• [WHAT TO PRODUCE]:
Repeat the entries below exactly. Drop the pictures.

□ □ □ □

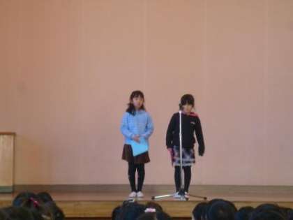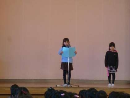 児童代表の言葉では、2年生の児童が3学期頑張りたいことを発表しました。立派に堂々と発表できました。
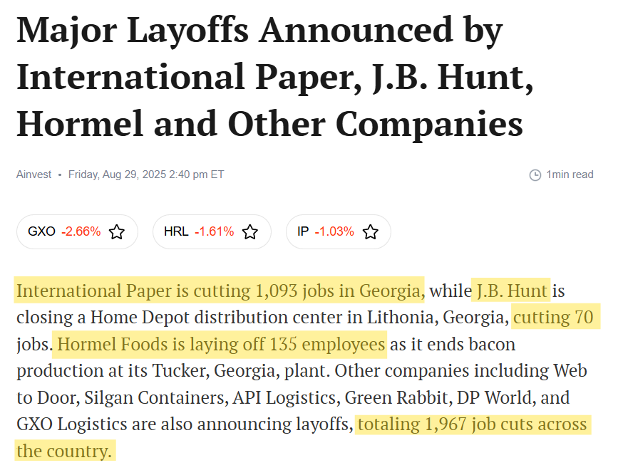 📉 Logistics Layoffs Continue. J.B. Hunt, Hormel, and International Paper announced more job cuts, citing weak freight demand and high borrowing costs.
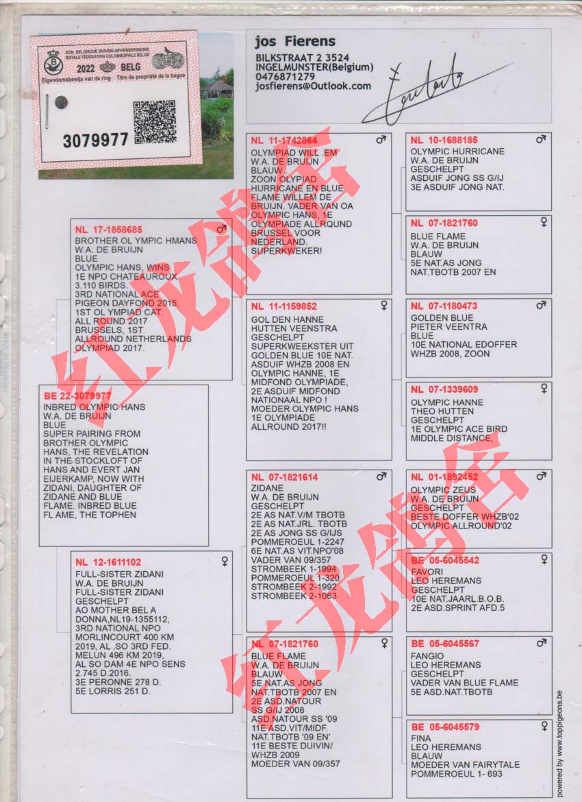 - 当前查看拍卖鸽:威廉迪布恩“奥林匹克汉斯”回血鸽
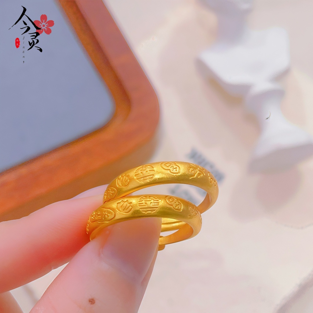 New Chinese-Style Gold Shop Same Model Sand Gold Ancient Fortune Ring Yellow Gold Unisex Versatile Personalized Jewelry Wholesale
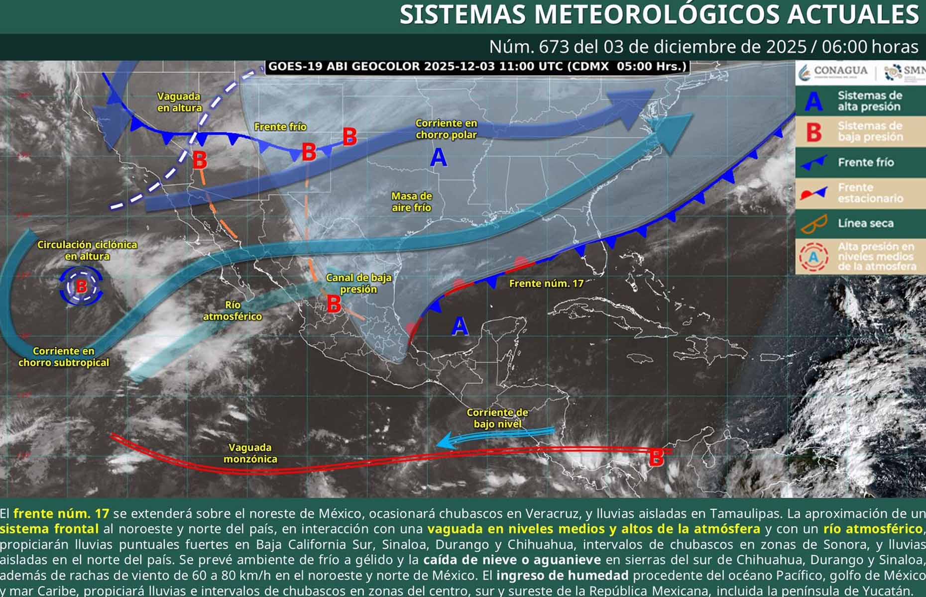 De acuerdo con el pronóstico del tiempo emitido por la Comisión Nacional del Agua (Conagua), esto se debe a que el frente frío número 17 permanece casi estacionario sobre el noreste de México, bloqueado por un fuerte anticiclón ubicado en niveles medios y altos de la atmósfera.
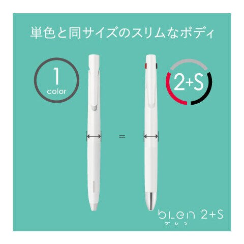 ◆1本で2色とシャープペンを使えるのに、スリムなボディ。「ブレンシステム」を搭載した多機能ペンです。
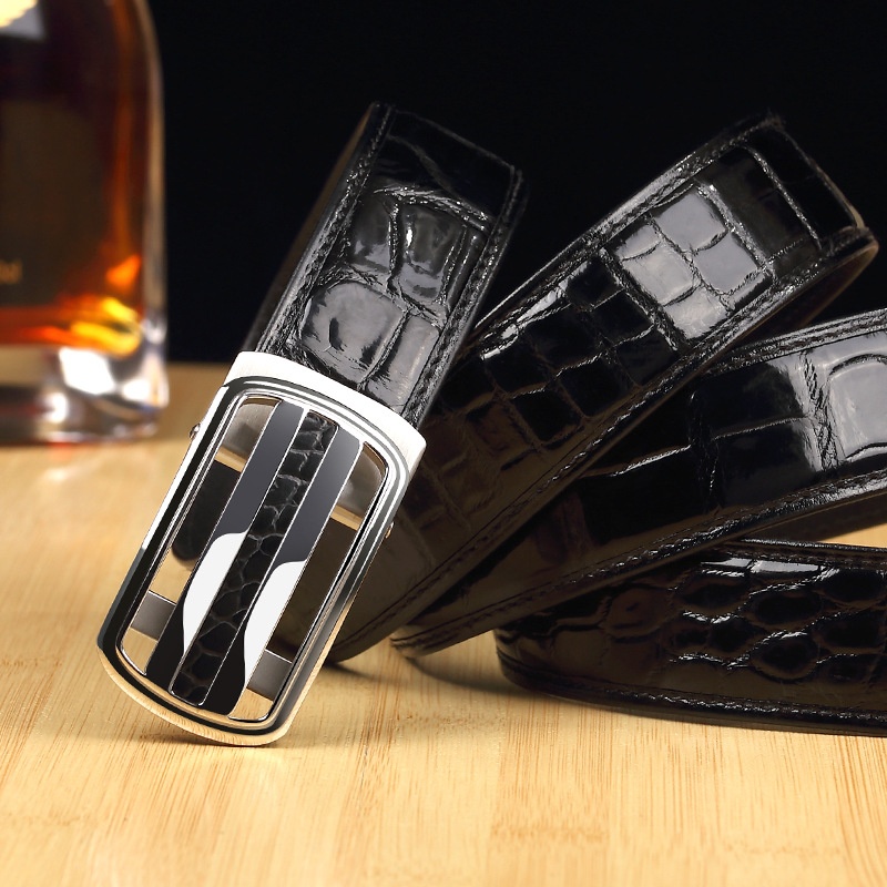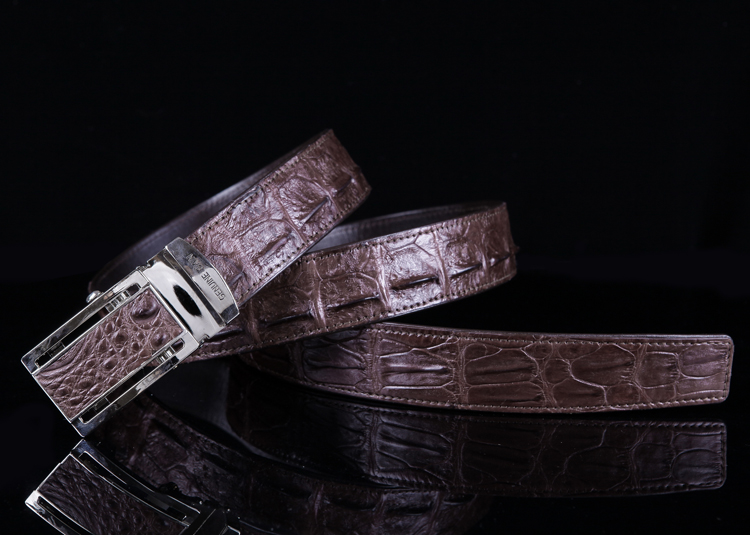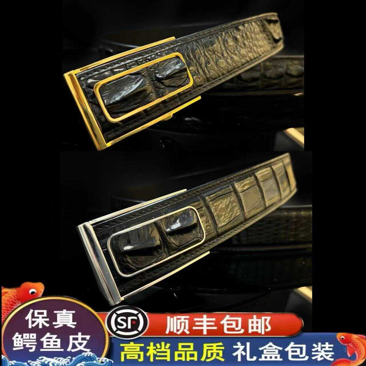 3.8宽自动打眼保真鳄鱼皮皮带男士骨皮腰带高档潮休闲真皮商务

□ □ □ □

• [TASK SOLUTION]:
 児童代表の言葉では、2年生の児童が3学期頑張りたいことを発表しました。立派に堂々と発表できました。
 📉 Logistics Layoffs Continue. J.B. Hunt, Hormel, and International Paper announced more job cuts, citing weak freight demand and high borrowing costs.
 - 当前查看拍卖鸽:威廉迪布恩“奥林匹克汉斯”回血鸽
 New Chinese-Style Gold Shop Same Model Sand Gold Ancient Fortune Ring Yellow Gold Unisex Versatile Personalized Jewelry Wholesale
 De acuerdo con el pronóstico del tiempo emitido por la Comisión Nacional del Agua (Conagua), esto se debe a que el frente frío número 17 permanece casi estacionario sobre el noreste de México, bloqueado por un fuerte anticiclón ubicado en niveles medios y altos de la atmósfera.
 ◆1本で2色とシャープペンを使えるのに、スリムなボディ。「ブレンシステム」を搭載した多機能ペンです。
 3.8宽自动打眼保真鳄鱼皮皮带男士骨皮腰带高档潮休闲真皮商务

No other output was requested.